- _WHAT THE TASK REQUIRES_: Your task is to transcribe the entries exactly.

- _DATA LISTING_:
>>

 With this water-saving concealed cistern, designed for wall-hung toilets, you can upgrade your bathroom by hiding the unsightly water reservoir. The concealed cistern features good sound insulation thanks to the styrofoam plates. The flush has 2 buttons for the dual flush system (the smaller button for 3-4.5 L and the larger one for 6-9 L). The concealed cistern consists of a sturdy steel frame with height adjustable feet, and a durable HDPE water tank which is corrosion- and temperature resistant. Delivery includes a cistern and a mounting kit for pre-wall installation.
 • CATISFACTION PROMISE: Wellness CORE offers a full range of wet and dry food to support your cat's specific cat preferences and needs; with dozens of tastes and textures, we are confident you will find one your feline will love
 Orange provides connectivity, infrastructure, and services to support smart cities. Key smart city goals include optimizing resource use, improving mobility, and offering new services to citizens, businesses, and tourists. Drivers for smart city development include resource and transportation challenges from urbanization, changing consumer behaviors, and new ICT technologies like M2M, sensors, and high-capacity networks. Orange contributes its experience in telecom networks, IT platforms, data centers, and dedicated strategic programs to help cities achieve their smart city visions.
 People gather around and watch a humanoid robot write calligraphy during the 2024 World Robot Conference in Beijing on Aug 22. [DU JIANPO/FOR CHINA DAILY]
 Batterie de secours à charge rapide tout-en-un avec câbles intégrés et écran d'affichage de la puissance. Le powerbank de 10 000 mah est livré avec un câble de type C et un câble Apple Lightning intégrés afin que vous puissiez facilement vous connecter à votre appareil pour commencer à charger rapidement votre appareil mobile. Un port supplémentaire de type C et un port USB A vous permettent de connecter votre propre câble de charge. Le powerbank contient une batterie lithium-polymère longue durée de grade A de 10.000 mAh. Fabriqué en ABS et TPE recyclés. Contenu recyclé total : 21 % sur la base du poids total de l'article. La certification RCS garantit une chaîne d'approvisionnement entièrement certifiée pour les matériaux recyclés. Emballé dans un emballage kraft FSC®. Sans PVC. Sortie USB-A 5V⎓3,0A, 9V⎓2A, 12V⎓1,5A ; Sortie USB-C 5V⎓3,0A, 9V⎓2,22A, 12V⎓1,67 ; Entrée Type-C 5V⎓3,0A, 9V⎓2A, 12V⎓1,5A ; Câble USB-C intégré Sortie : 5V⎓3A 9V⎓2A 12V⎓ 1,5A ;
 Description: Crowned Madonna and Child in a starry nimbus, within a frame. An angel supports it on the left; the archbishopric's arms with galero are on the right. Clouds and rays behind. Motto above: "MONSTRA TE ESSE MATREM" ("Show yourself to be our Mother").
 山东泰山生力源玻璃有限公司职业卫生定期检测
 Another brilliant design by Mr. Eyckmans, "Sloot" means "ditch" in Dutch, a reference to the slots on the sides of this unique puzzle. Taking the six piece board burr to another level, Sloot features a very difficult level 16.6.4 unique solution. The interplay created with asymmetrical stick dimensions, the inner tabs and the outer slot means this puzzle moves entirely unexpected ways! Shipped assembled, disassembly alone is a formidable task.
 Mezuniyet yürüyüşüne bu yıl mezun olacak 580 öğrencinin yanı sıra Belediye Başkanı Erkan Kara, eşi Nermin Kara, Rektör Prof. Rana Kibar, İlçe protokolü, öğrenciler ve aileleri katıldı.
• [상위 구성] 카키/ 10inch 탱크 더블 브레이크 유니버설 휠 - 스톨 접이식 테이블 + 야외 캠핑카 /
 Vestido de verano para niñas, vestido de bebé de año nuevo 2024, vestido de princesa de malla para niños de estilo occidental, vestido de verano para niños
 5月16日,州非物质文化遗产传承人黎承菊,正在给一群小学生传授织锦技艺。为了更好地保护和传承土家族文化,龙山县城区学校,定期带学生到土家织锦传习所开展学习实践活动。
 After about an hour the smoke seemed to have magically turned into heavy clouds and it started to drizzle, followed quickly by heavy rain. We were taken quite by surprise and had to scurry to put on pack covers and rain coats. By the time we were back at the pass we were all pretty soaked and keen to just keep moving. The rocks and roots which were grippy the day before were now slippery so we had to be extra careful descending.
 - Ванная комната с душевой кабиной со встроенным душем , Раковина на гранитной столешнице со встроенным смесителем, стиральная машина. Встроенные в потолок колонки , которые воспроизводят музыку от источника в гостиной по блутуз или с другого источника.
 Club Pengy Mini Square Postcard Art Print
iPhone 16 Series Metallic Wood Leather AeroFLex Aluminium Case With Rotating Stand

<<

- _ANSWER BOX_:
 With this water-saving concealed cistern, designed for wall-hung toilets, you can upgrade your bathroom by hiding the unsightly water reservoir. The concealed cistern features good sound insulation thanks to the styrofoam plates. The flush has 2 buttons for the dual flush system (the smaller button for 3-4.5 L and the larger one for 6-9 L). The concealed cistern consists of a sturdy steel frame with height adjustable feet, and a durable HDPE water tank which is corrosion- and temperature resistant. Delivery includes a cistern and a mounting kit for pre-wall installation.
 • CATISFACTION PROMISE: Wellness CORE offers a full range of wet and dry food to support your cat's specific cat preferences and needs; with dozens of tastes and textures, we are confident you will find one your feline will love
 Orange provides connectivity, infrastructure, and services to support smart cities. Key smart city goals include optimizing resource use, improving mobility, and offering new services to citizens, businesses, and tourists. Drivers for smart city development include resource and transportation challenges from urbanization, changing consumer behaviors, and new ICT technologies like M2M, sensors, and high-capacity networks. Orange contributes its experience in telecom networks, IT platforms, data centers, and dedicated strategic programs to help cities achieve their smart city visions.
 People gather around and watch a humanoid robot write calligraphy during the 2024 World Robot Conference in Beijing on Aug 22. [DU JIANPO/FOR CHINA DAILY]
 Batterie de secours à charge rapide tout-en-un avec câbles intégrés et écran d'affichage de la puissance. Le powerbank de 10 000 mah est livré avec un câble de type C et un câble Apple Lightning intégrés afin que vous puissiez facilement vous connecter à votre appareil pour commencer à charger rapidement votre appareil mobile. Un port supplémentaire de type C et un port USB A vous permettent de connecter votre propre câble de charge. Le powerbank contient une batterie lithium-polymère longue durée de grade A de 10.000 mAh. Fabriqué en ABS et TPE recyclés. Contenu recyclé total : 21 % sur la base du poids total de l'article. La certification RCS garantit une chaîne d'approvisionnement entièrement certifiée pour les matériaux recyclés. Emballé dans un emballage kraft FSC®. Sans PVC. Sortie USB-A 5V⎓3,0A, 9V⎓2A, 12V⎓1,5A ; Sortie USB-C 5V⎓3,0A, 9V⎓2,22A, 12V⎓1,67 ; Entrée Type-C 5V⎓3,0A, 9V⎓2A, 12V⎓1,5A ; Câble USB-C intégré Sortie : 5V⎓3A 9V⎓2A 12V⎓ 1,5A ;
 Description: Crowned Madonna and Child in a starry nimbus, within a frame. An angel supports it on the left; the archbishopric's arms with galero are on the right. Clouds and rays behind. Motto above: "MONSTRA TE ESSE MATREM" ("Show yourself to be our Mother").
 山东泰山生力源玻璃有限公司职业卫生定期检测
 Another brilliant design by Mr. Eyckmans, "Sloot" means "ditch" in Dutch, a reference to the slots on the sides of this unique puzzle. Taking the six piece board burr to another level, Sloot features a very difficult level 16.6.4 unique solution. The interplay created with asymmetrical stick dimensions, the inner tabs and the outer slot means this puzzle moves entirely unexpected ways! Shipped assembled, disassembly alone is a formidable task.
 Mezuniyet yürüyüşüne bu yıl mezun olacak 580 öğrencinin yanı sıra Belediye Başkanı Erkan Kara, eşi Nermin Kara, Rektör Prof. Rana Kibar, İlçe protokolü, öğrenciler ve aileleri katıldı.
• [상위 구성] 카키/ 10inch 탱크 더블 브레이크 유니버설 휠 - 스톨 접이식 테이블 + 야외 캠핑카 /
 Vestido de verano para niñas, vestido de bebé de año nuevo 2024, vestido de princesa de malla para niños de estilo occidental, vestido de verano para niños
 5月16日,州非物质文化遗产传承人黎承菊,正在给一群小学生传授织锦技艺。为了更好地保护和传承土家族文化,龙山县城区学校,定期带学生到土家织锦传习所开展学习实践活动。
 After about an hour the smoke seemed to have magically turned into heavy clouds and it started to drizzle, followed quickly by heavy rain. We were taken quite by surprise and had to scurry to put on pack covers and rain coats. By the time we were back at the pass we were all pretty soaked and keen to just keep moving. The rocks and roots which were grippy the day before were now slippery so we had to be extra careful descending.
 - Ванная комната с душевой кабиной со встроенным душем , Раковина на гранитной столешнице со встроенным смесителем, стиральная машина. Встроенные в потолок колонки , которые воспроизводят музыку от источника в гостиной по блутуз или с другого источника.
 Club Pengy Mini Square Postcard Art Print
iPhone 16 Series Metallic Wood Leather AeroFLex Aluminium Case With Rotating Stand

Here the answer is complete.